_INFORMATION SUPPLIED_.
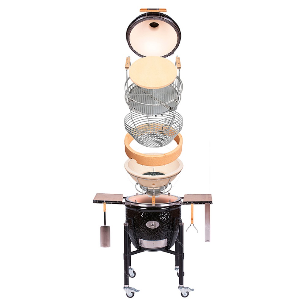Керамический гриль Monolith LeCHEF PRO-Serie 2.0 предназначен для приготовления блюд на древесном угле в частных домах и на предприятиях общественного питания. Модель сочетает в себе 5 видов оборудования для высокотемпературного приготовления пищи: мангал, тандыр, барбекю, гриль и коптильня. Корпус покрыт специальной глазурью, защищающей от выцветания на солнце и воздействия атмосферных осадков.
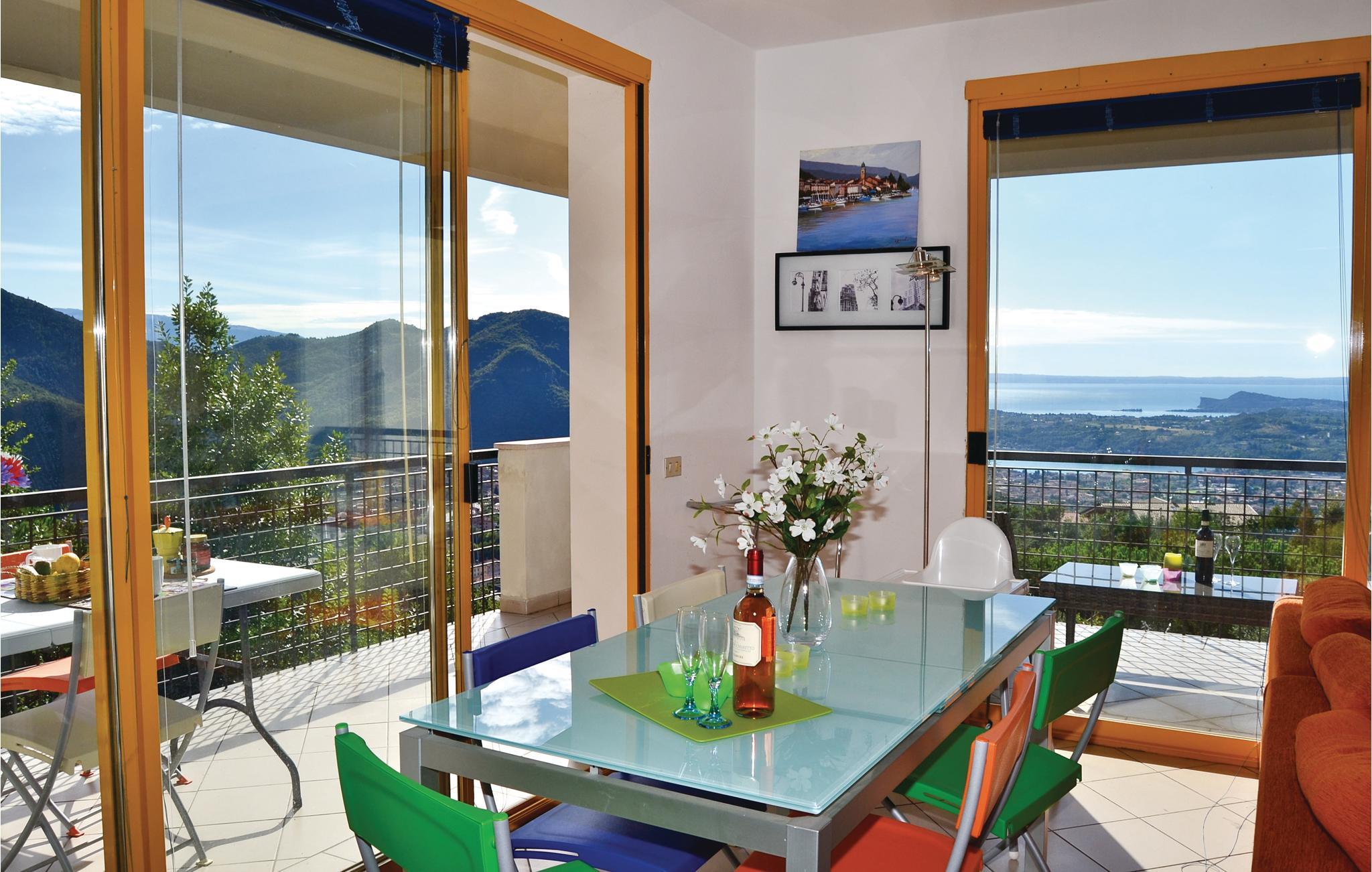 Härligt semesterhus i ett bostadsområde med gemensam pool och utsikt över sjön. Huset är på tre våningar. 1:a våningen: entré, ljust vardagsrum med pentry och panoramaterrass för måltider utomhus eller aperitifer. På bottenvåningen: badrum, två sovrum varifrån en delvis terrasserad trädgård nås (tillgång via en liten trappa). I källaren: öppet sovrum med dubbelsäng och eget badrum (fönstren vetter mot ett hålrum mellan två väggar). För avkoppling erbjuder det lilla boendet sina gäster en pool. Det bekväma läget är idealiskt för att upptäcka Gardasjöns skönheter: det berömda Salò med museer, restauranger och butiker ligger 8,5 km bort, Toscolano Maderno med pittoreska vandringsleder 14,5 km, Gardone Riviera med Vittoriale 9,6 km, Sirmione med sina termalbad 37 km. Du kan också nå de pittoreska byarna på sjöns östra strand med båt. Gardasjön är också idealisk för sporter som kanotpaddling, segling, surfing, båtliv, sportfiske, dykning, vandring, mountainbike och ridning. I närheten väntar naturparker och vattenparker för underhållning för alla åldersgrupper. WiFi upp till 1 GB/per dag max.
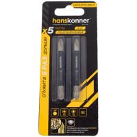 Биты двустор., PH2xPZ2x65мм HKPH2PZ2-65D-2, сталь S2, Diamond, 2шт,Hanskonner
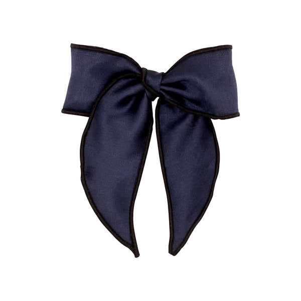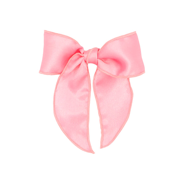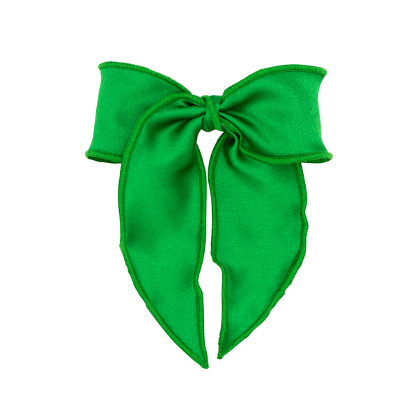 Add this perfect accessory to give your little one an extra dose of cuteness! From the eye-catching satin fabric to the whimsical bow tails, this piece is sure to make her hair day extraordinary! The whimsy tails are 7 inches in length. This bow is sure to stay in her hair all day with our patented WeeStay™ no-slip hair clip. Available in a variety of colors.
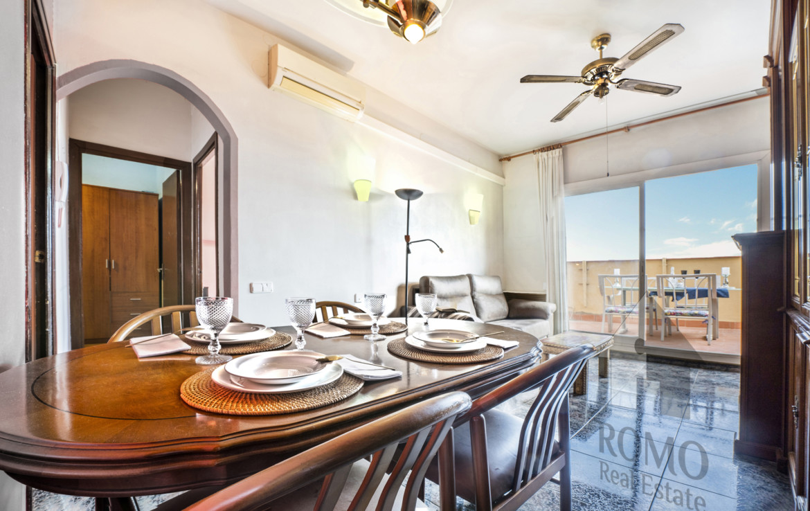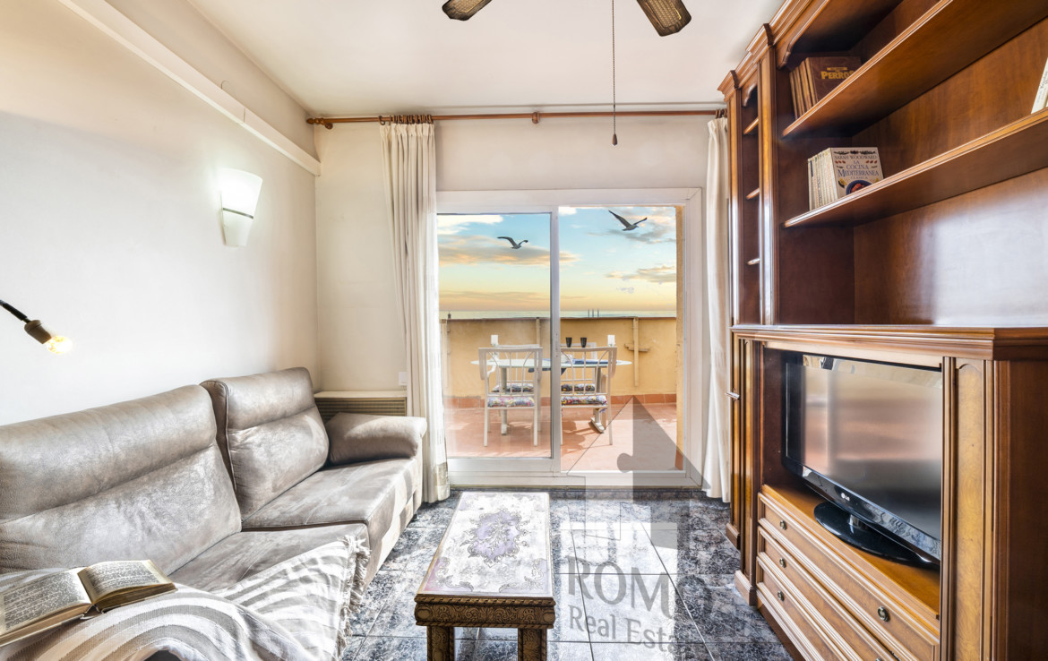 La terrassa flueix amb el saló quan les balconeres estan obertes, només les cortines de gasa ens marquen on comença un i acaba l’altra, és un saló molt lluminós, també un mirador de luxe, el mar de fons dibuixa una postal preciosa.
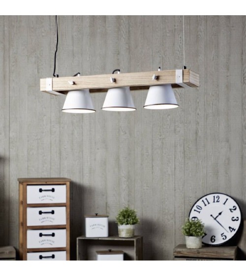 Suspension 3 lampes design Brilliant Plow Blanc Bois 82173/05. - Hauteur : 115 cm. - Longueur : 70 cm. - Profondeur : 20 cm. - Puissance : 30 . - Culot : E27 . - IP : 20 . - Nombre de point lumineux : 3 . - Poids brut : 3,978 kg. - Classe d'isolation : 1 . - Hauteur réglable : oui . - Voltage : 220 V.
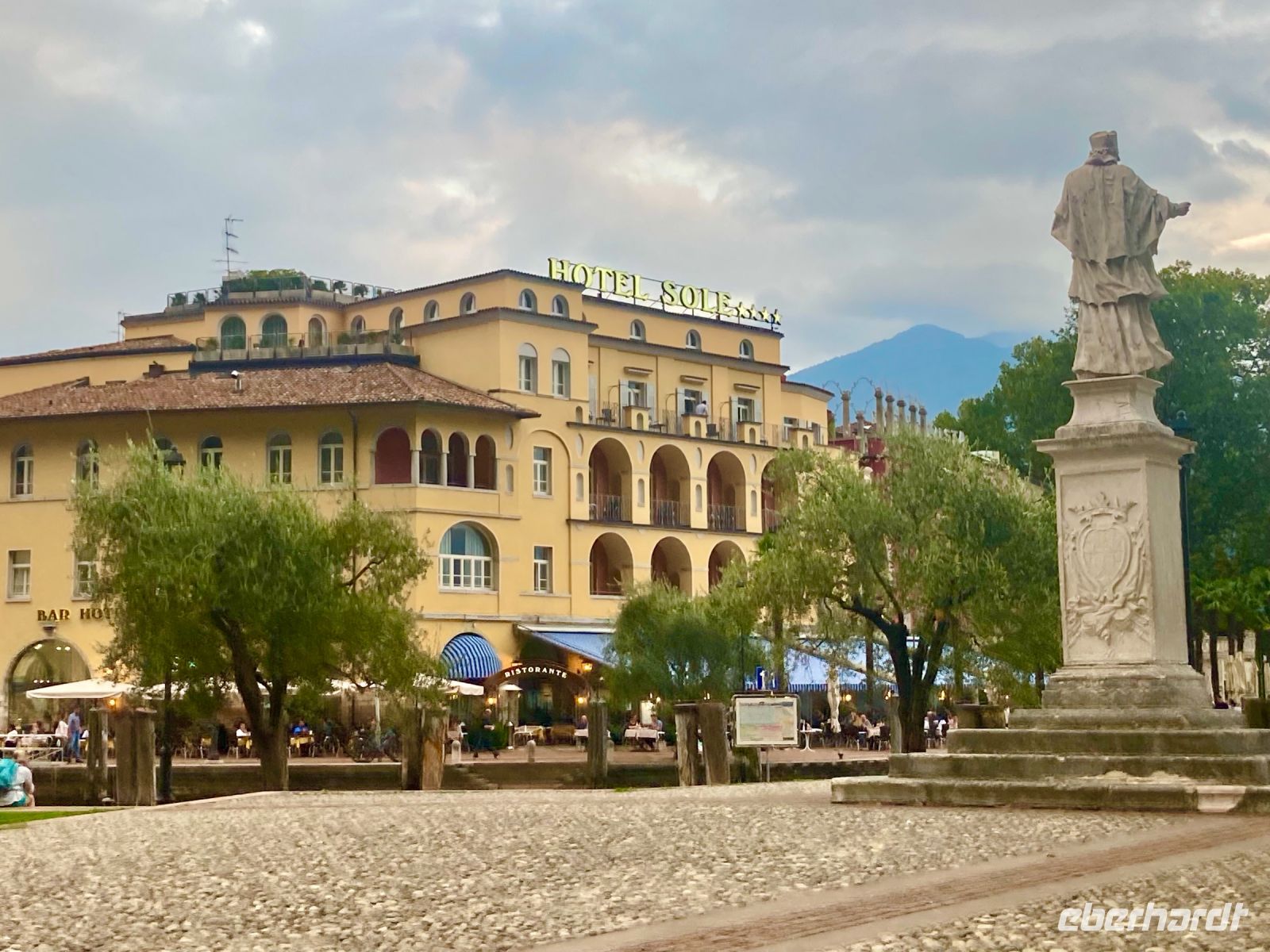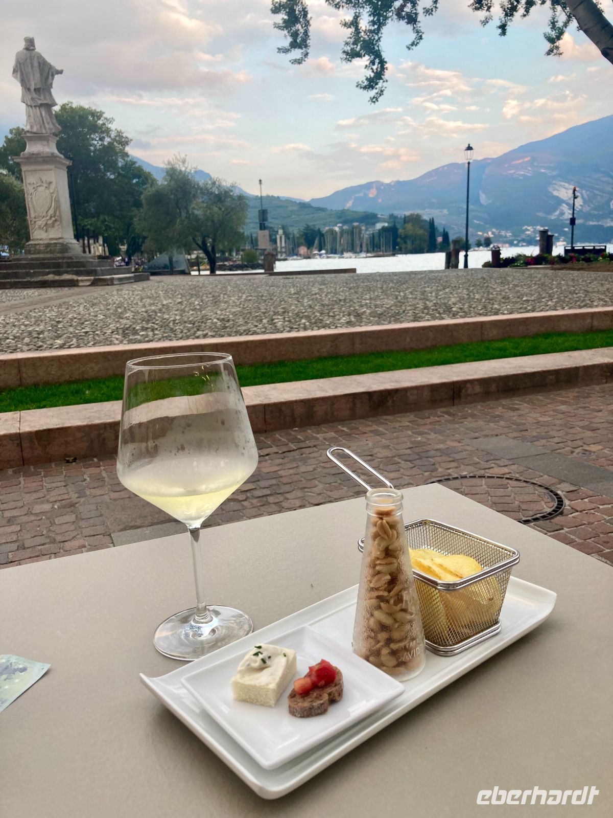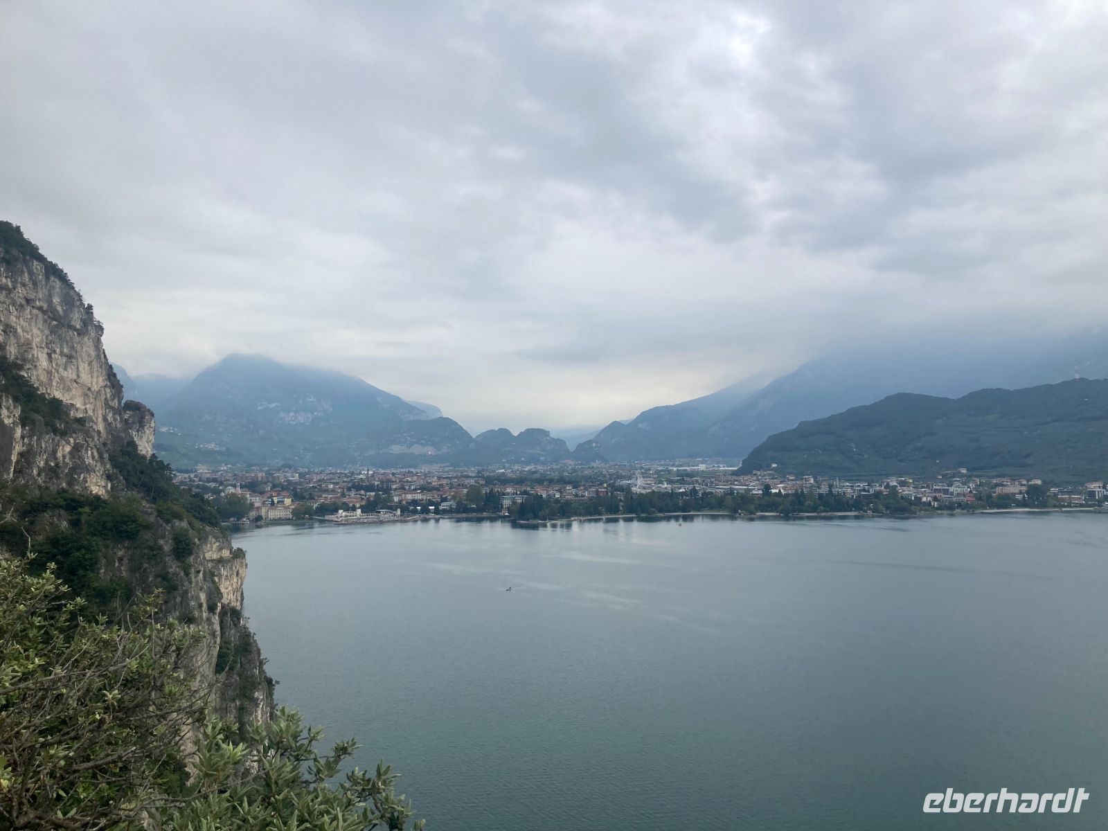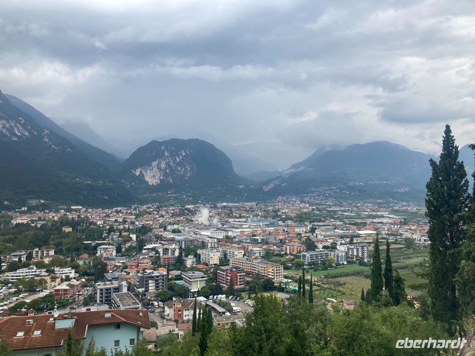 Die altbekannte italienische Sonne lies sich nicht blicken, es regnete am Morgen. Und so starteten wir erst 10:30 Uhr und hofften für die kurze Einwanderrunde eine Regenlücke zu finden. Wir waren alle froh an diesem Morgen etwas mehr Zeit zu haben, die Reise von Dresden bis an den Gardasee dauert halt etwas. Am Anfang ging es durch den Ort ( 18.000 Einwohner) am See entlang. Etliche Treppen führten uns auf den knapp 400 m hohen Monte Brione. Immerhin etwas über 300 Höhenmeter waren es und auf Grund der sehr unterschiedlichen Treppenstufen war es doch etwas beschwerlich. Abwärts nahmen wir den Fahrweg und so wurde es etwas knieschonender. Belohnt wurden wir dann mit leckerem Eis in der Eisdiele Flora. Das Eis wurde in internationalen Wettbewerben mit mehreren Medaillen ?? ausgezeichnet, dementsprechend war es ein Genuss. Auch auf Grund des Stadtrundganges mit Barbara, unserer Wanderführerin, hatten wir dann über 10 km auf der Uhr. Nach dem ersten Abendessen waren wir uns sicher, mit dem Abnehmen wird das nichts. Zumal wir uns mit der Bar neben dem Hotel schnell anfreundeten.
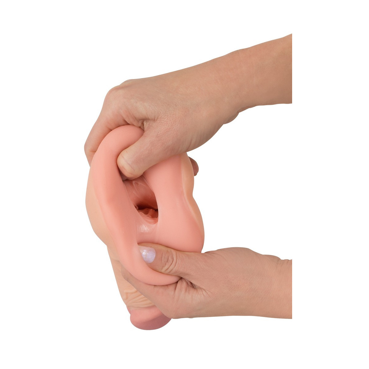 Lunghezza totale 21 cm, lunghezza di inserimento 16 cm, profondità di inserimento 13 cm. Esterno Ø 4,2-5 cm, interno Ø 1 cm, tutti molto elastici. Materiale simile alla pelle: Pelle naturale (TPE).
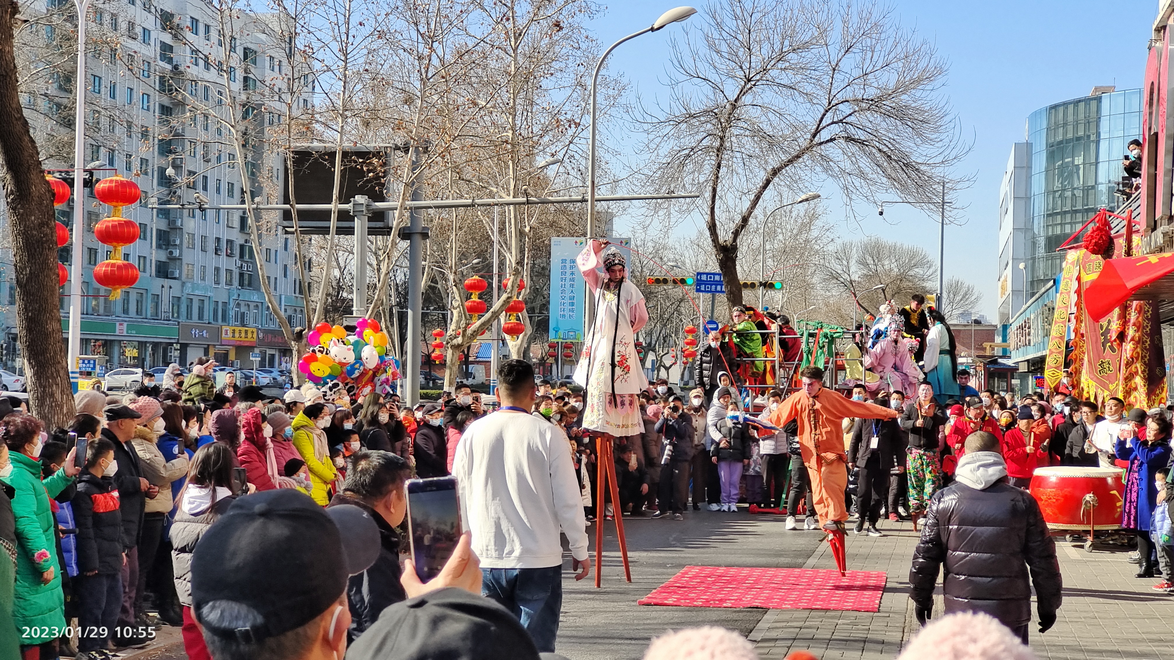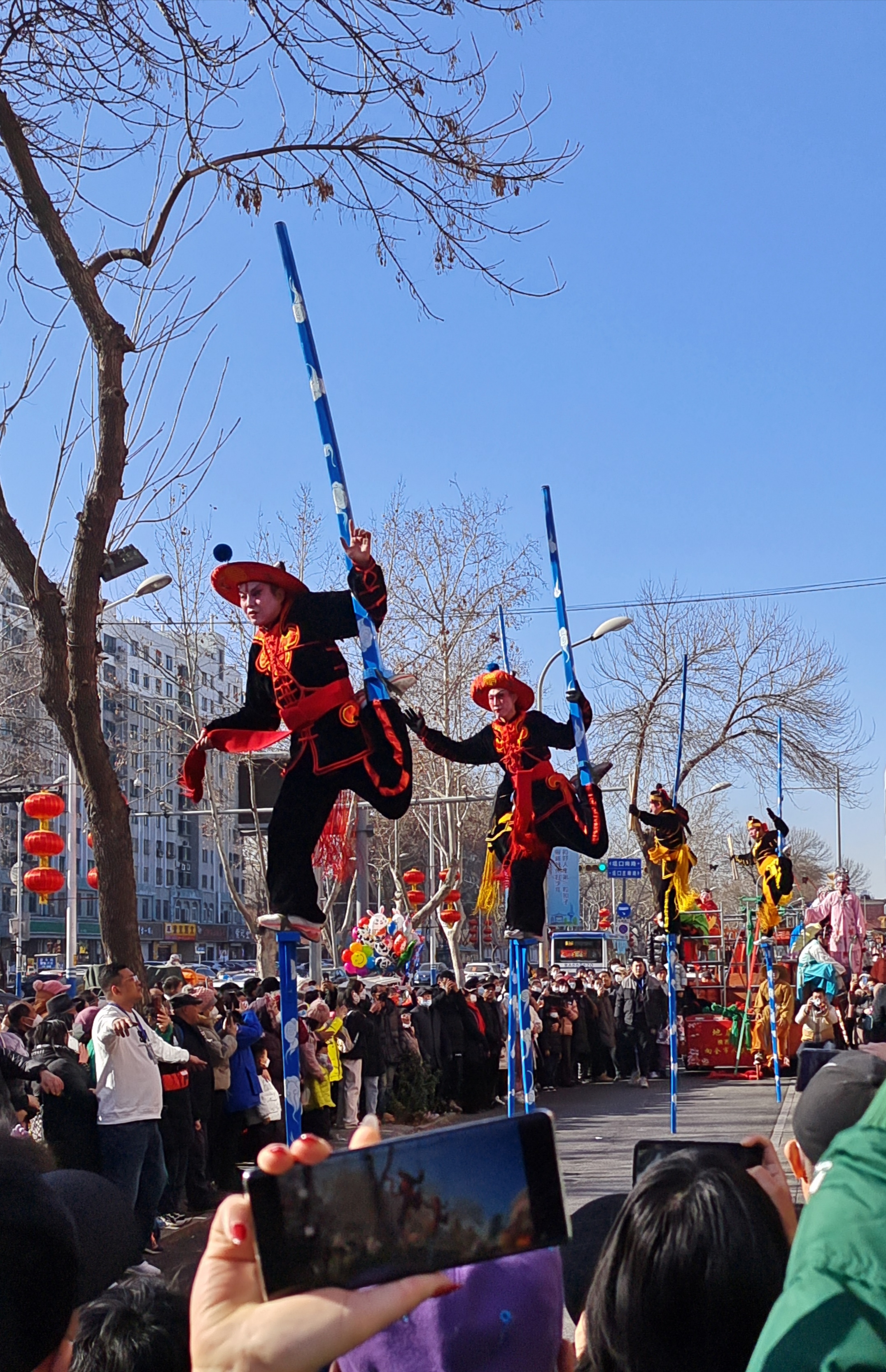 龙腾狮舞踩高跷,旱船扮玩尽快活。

_WHAT THE TASK REQUIRES_.
Only an exact copy of the records counts as an answer. Leave out the images.

_SOLUTION FOR THIS EXERCISE_.
Керамический гриль Monolith LeCHEF PRO-Serie 2.0 предназначен для приготовления блюд на древесном угле в частных домах и на предприятиях общественного питания. Модель сочетает в себе 5 видов оборудования для высокотемпературного приготовления пищи: мангал, тандыр, барбекю, гриль и коптильня. Корпус покрыт специальной глазурью, защищающей от выцветания на солнце и воздействия атмосферных осадков.
 Härligt semesterhus i ett bostadsområde med gemensam pool och utsikt över sjön. Huset är på tre våningar. 1:a våningen: entré, ljust vardagsrum med pentry och panoramaterrass för måltider utomhus eller aperitifer. På bottenvåningen: badrum, två sovrum varifrån en delvis terrasserad trädgård nås (tillgång via en liten trappa). I källaren: öppet sovrum med dubbelsäng och eget badrum (fönstren vetter mot ett hålrum mellan två väggar). För avkoppling erbjuder det lilla boendet sina gäster en pool. Det bekväma läget är idealiskt för att upptäcka Gardasjöns skönheter: det berömda Salò med museer, restauranger och butiker ligger 8,5 km bort, Toscolano Maderno med pittoreska vandringsleder 14,5 km, Gardone Riviera med Vittoriale 9,6 km, Sirmione med sina termalbad 37 km. Du kan också nå de pittoreska byarna på sjöns östra strand med båt. Gardasjön är också idealisk för sporter som kanotpaddling, segling, surfing, båtliv, sportfiske, dykning, vandring, mountainbike och ridning. I närheten väntar naturparker och vattenparker för underhållning för alla åldersgrupper. WiFi upp till 1 GB/per dag max.
 Биты двустор., PH2xPZ2x65мм HKPH2PZ2-65D-2, сталь S2, Diamond, 2шт,Hanskonner
 Add this perfect accessory to give your little one an extra dose of cuteness! From the eye-catching satin fabric to the whimsical bow tails, this piece is sure to make her hair day extraordinary! The whimsy tails are 7 inches in length. This bow is sure to stay in her hair all day with our patented WeeStay™ no-slip hair clip. Available in a variety of colors.
 La terrassa flueix amb el saló quan les balconeres estan obertes, només les cortines de gasa ens marquen on comença un i acaba l’altra, és un saló molt lluminós, també un mirador de luxe, el mar de fons dibuixa una postal preciosa.
 Suspension 3 lampes design Brilliant Plow Blanc Bois 82173/05. - Hauteur : 115 cm. - Longueur : 70 cm. - Profondeur : 20 cm. - Puissance : 30 . - Culot : E27 . - IP : 20 . - Nombre de point lumineux : 3 . - Poids brut : 3,978 kg. - Classe d'isolation : 1 . - Hauteur réglable : oui . - Voltage : 220 V.
 Die altbekannte italienische Sonne lies sich nicht blicken, es regnete am Morgen. Und so starteten wir erst 10:30 Uhr und hofften für die kurze Einwanderrunde eine Regenlücke zu finden. Wir waren alle froh an diesem Morgen etwas mehr Zeit zu haben, die Reise von Dresden bis an den Gardasee dauert halt etwas. Am Anfang ging es durch den Ort ( 18.000 Einwohner) am See entlang. Etliche Treppen führten uns auf den knapp 400 m hohen Monte Brione. Immerhin etwas über 300 Höhenmeter waren es und auf Grund der sehr unterschiedlichen Treppenstufen war es doch etwas beschwerlich. Abwärts nahmen wir den Fahrweg und so wurde es etwas knieschonender. Belohnt wurden wir dann mit leckerem Eis in der Eisdiele Flora. Das Eis wurde in internationalen Wettbewerben mit mehreren Medaillen ?? ausgezeichnet, dementsprechend war es ein Genuss. Auch auf Grund des Stadtrundganges mit Barbara, unserer Wanderführerin, hatten wir dann über 10 km auf der Uhr. Nach dem ersten Abendessen waren wir uns sicher, mit dem Abnehmen wird das nichts. Zumal wir uns mit der Bar neben dem Hotel schnell anfreundeten.
 Lunghezza totale 21 cm, lunghezza di inserimento 16 cm, profondità di inserimento 13 cm. Esterno Ø 4,2-5 cm, interno Ø 1 cm, tutti molto elastici. Materiale simile alla pelle: Pelle naturale (TPE).
 龙腾狮舞踩高跷,旱船扮玩尽快活。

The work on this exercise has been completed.